Input data:
□ □ □ □ □ □ □
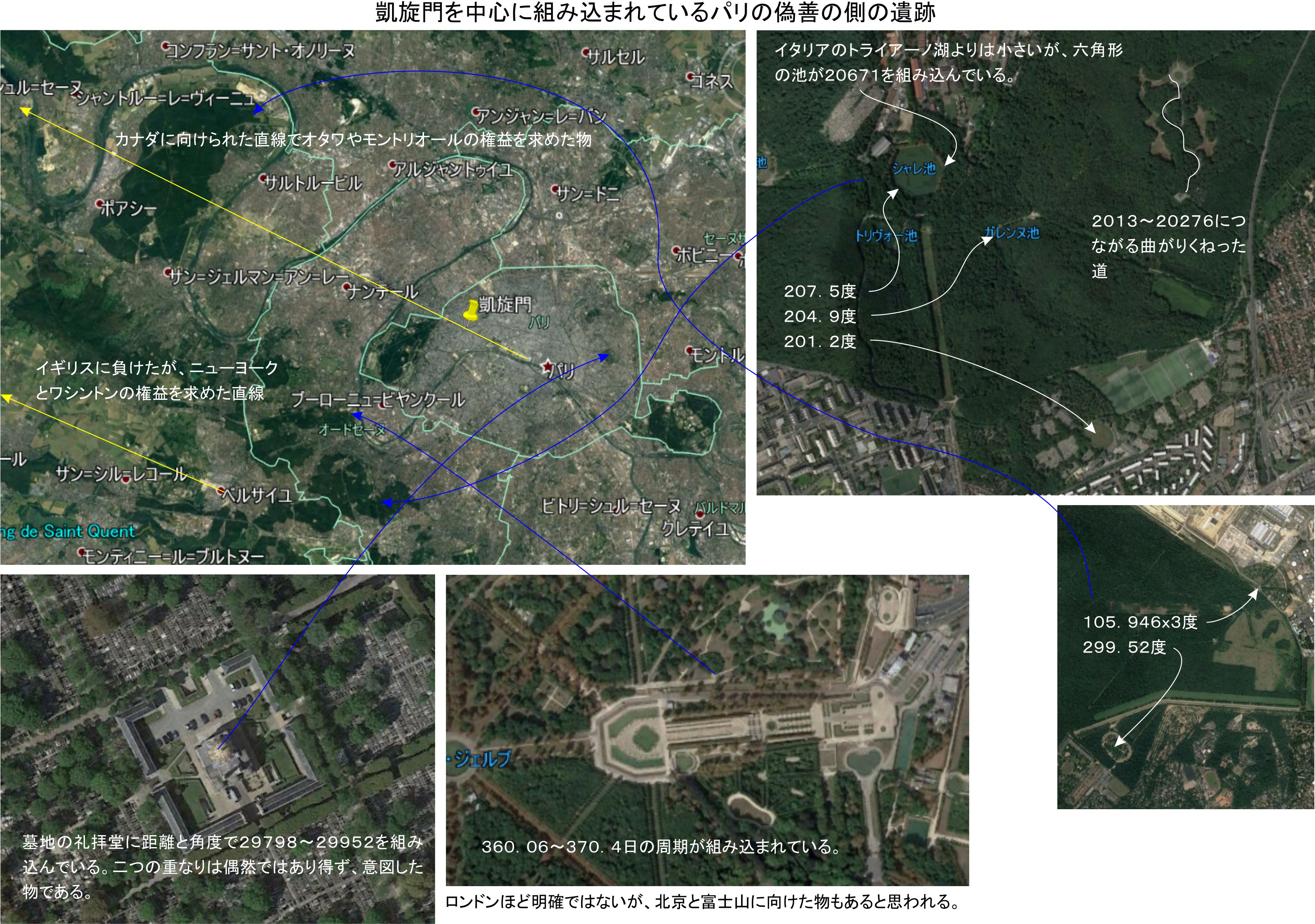パリは凱旋門が計測中心です。この場所の都市計画の特徴は、凱旋門を通る道の角度に、カナダのモントリオールやオタワへの角度が組み込まれている事と、もう一つベルサイユ宮殿を通る直線も存在し、こちらはニューヨークとワシントンを組み込んでいました。
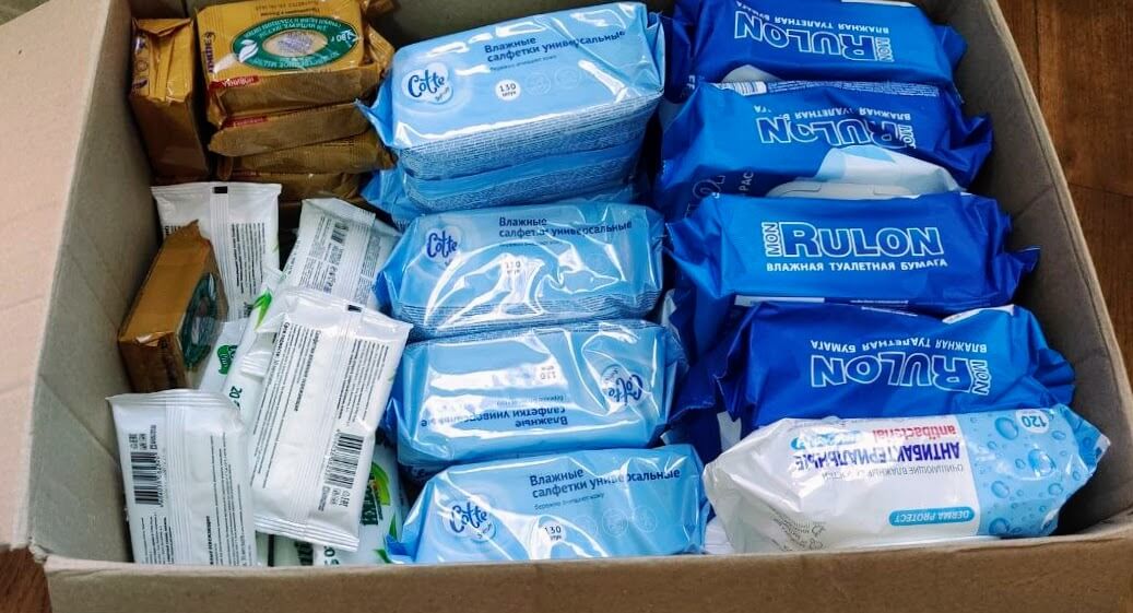 На собранные в храме средства были закуплены термобелье, тактические перчатки, балаклавы, носки, влажные салфетки, чай, кофе, сладости.
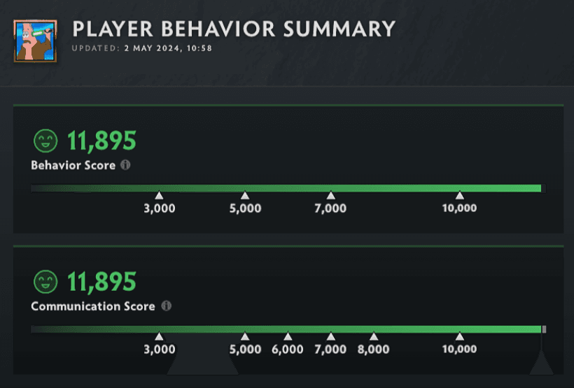A good Behavior Score and Communication Score is vital for a good Dota 2 experience.
□ □ □ □ □ □ □
Exercise aim: When repeating the material above, keep every line exact and drop all pictures.

Answer to this task:
パリは凱旋門が計測中心です。この場所の都市計画の特徴は、凱旋門を通る道の角度に、カナダのモントリオールやオタワへの角度が組み込まれている事と、もう一つベルサイユ宮殿を通る直線も存在し、こちらはニューヨークとワシントンを組み込んでいました。
 На собранные в храме средства были закуплены термобелье, тактические перчатки, балаклавы, носки, влажные салфетки, чай, кофе, сладости.
A good Behavior Score and Communication Score is vital for a good Dota 2 experience.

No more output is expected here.